ABOUT THIS EXERCISE:
Lines from the one containing "and technical specification" through the final line of the records below are needed, copied exactly, with no pictures.

*** Opening DATA SHOWN ***

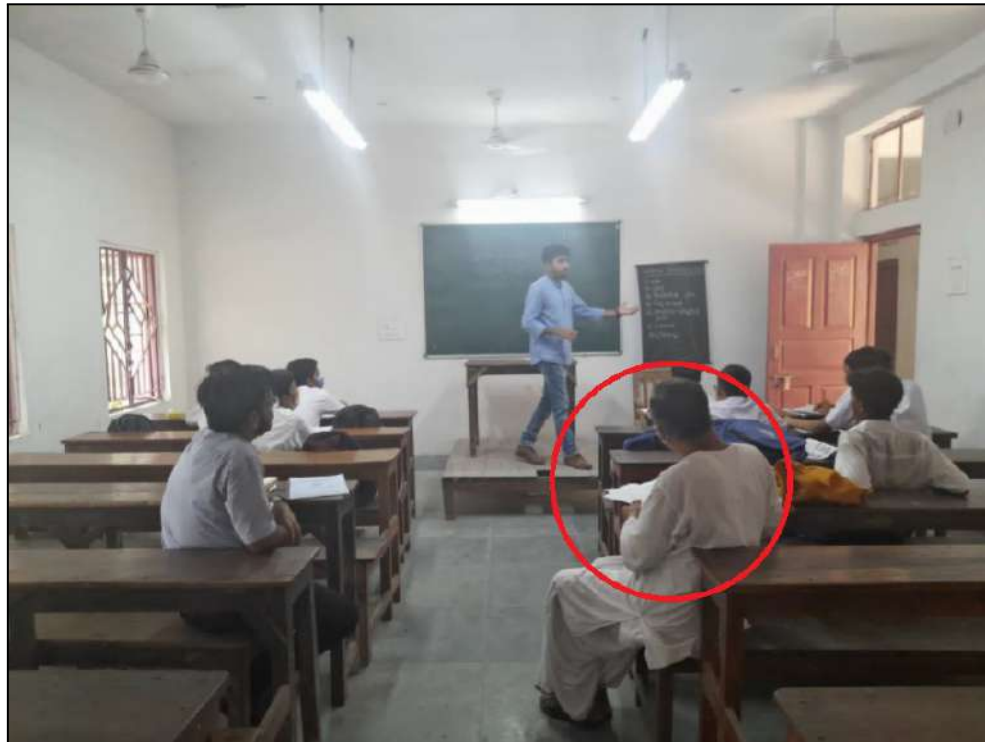
Observation of Teacher Educators during School Internship

Belur Math, Howrah - 711 202, West Bengal
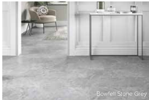
Bowfell Stone Grey

*See installation advice on pages 40-41 for further information and technical specification
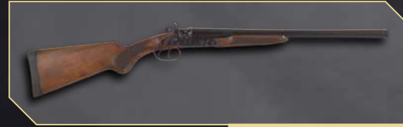
OB SS 12
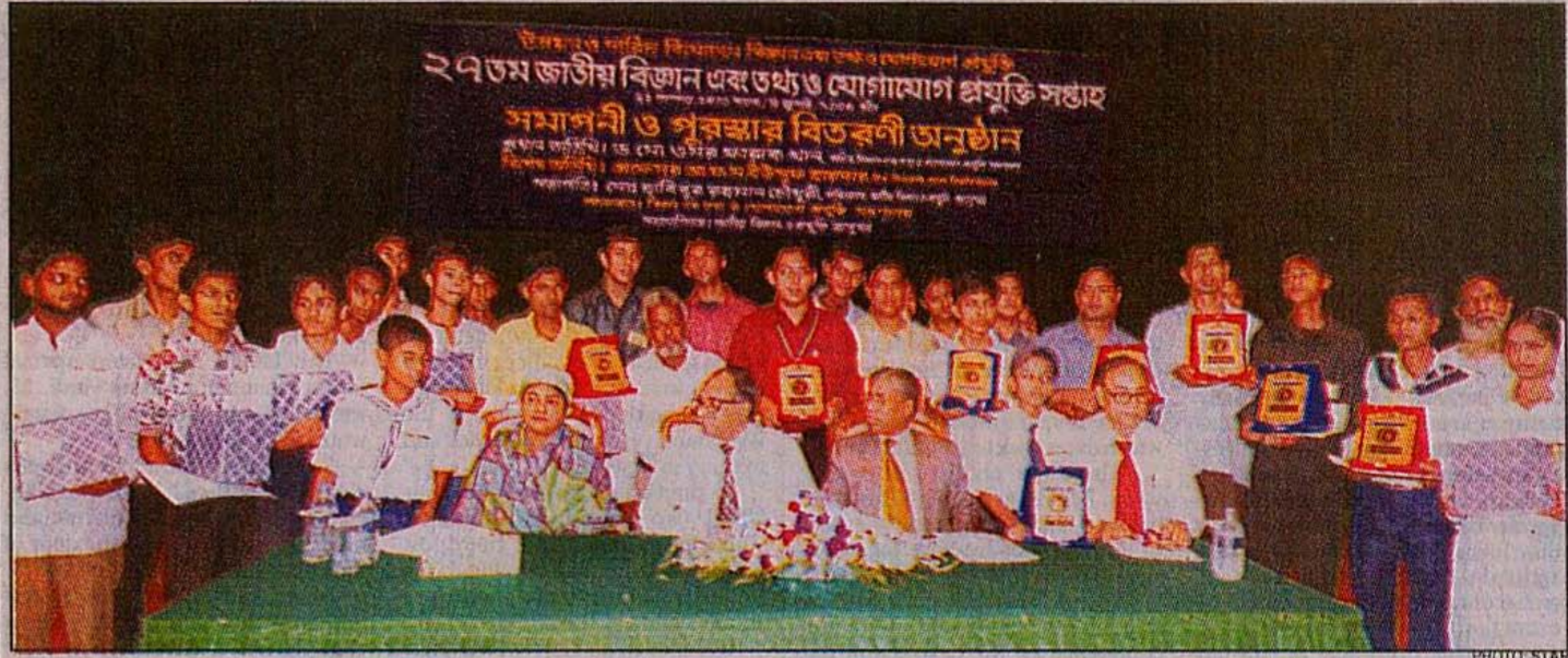
Winners of the 27th National Science and Information and Communication Technology Week pose for photograph with the guests at the Osmani Memorial auditorium in the city yesterday. Science and Information and Communication Technology Ministry organised the event.
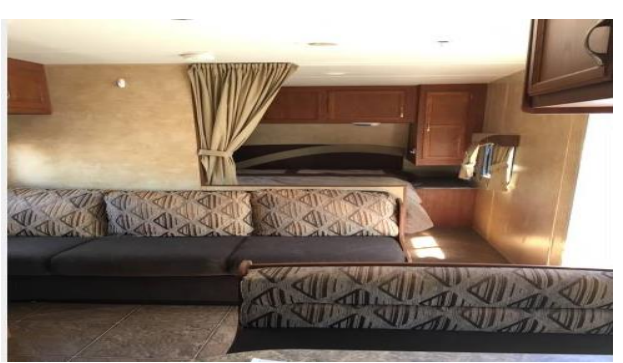
Figure 9. Ryshare.com, Inside amenities, 2018
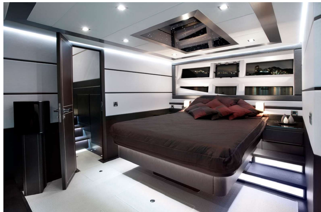
A well lit owner's cabin with private bathroom
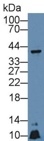
Image 2. Western Blot; Sample: Mouse Liver lysate; Primary Ab: 5µg/ml Rabbit Anti-Rat APOA5 Antibody Second Ab: 0.2µg/mL HRP-Linked Caprine Anti-Rabbit IgG Polyclonal Antibody (Catalog: SAA544Rb19)

*** Closing DATA SHOWN ***

ANSWER TO THE EXERCISE:
*See installation advice on pages 40-41 for further information and technical specification
OB SS 12
Winners of the 27th National Science and Information and Communication Technology Week pose for photograph with the guests at the Osmani Memorial auditorium in the city yesterday. Science and Information and Communication Technology Ministry organised the event.
Figure 9. Ryshare.com, Inside amenities, 2018
A well lit owner's cabin with private bathroom
Image 2. Western Blot; Sample: Mouse Liver lysate; Primary Ab: 5µg/ml Rabbit Anti-Rat APOA5 Antibody Second Ab: 0.2µg/mL HRP-Linked Caprine Anti-Rabbit IgG Polyclonal Antibody (Catalog: SAA544Rb19)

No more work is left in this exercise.